If you don’t have any debt, invest that dollar and if it earns five percent annually, you could have almost five dollars in thirty years.

Okay, five greenbacks over thirty years does not seem like much and really these examples are all a little ridiculous if we are only talking about one dollar. But how many of us only waste a measly buck over the course of a month? What if instead of $1, we were throwing away $10? Are there some among us who might be able to find $100 worth of waste in our monthly budgets?

The point is that most of us in this culture, have a spending problem, not an income problem. Over the next few months, I hope to solve more of my spending problems and along the way, give you a few ideas on how to hang on to more of your dollars.

Photo by N.ico


11 Responses (including trackbacks) to “One dollar, two dollar, three dollar, four”

  1. DDFD at DivorcedDadFrugalDad.com Says:

    New post! I use a checking account that takes a dollar and moves it to savings with every purchase made . . . I take my “little” purchases and turned them into a savings vehicle.

  2. MyJourney Says:

    Stew,

    Excellent post, I have recently found that all those little things add up, but there is a line where you you have to watch out – when you cross over and start, “Being penny wise and pound foolish.”

  3. micki Says:

    stew,

    i know about those little foxes that eat the vines…i am in my car a LOT (i deliver newspapers and mow lawns, plus have the added benefit of having the transfer of my son to his dad 8 times a week, and at church more times than i care to count in a week for various things i am involved in there. So needless to say i am OUT of my house a LOT. i end up buying a lot of drinks because of course bringing water with you requires doing stuff ahead of time, like making sure you have a cooler with ice and the klean kanteens are clean! most mornings i don’t want to wake up earlier than the last minute, or am unable to. this means that i have the feeling of being rushed out of the house on the way to pick up papers. so yeah, those purchases really add up over time…i am pretty sure that if i took all my purchases that were impulse drinks, over the course of the last month they add up to at least $30 bucks for that time period and i am willing to bet they are probably twice that much. So i am going to learn to plan ahead…that would be the preferable thing…
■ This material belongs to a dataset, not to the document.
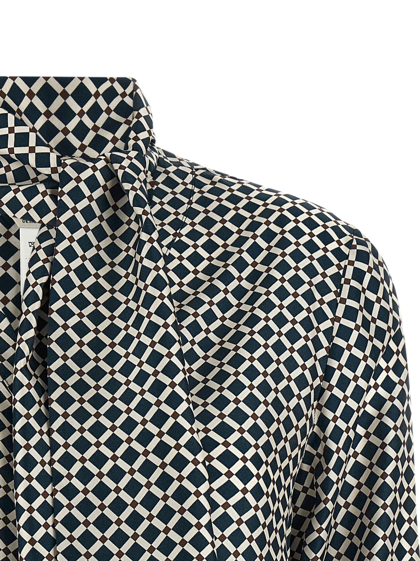 SmmVittoria shirt in pure patterned silk twill, V-neck, matching sash with removable scarf effect, concealed front button closure, long cuffed sleeves.

    thanks stew for this article!

  4. Michelle H. Says:

    Great post. I’ve been thinking about the little costs here and there too. I really think this eats up more of our budget than we think it does. This is where the envelope system helps out a lot! When it’s gone, it’s gone!
    Blessings

  5. Gina Says:

    Great post Stew! I used to see how long I could keep a $20 in my wallet. Once I controlled my “little purchases” I felt confident enough to control the big ones.

  6. Melanie Fine, CPA Says:

    Great post! If you can’t manage $10 how can you manage $10,000 – or in this case if you can’t manage $1 how can you manage $1,000 – it is all about your behaviours with money!
    Great post!

  7. JesiRhodes Says:

    Great post! I have just recently started reading personal finance blogs and made a budget for my husband and I. It is difficult for us to talk about savings because we live on very little income while I am still in school. The statement “The point is that most of us in this culture, have a spending problem, not an income problem.” gives me hope!

  8. Charles Young Says:

    This is my downfall as well. I am in sales, and spend quite a bit of time on the road, and eating on the fly.
    I started calculating just how much I was spending on lunch and snacks, sodas and the like and just about had a heart attack! It takes a conscious effort to not spend on the “little things”.

  9. Joe Plemon Says:

    Good post that motivates us to think about our “little” purchases. My best plan for detering these purchases is using the envelope system, but I have found another idea that helps: If I have a larger bill ($50 for example), I try to wait as long as I can before breaking it. Why? Because is seems to disappear much faster once it is broken.

  10. Stephanie Says:

    Nice post! You really put he value of a dollar into perspective for people. Thank you and take care!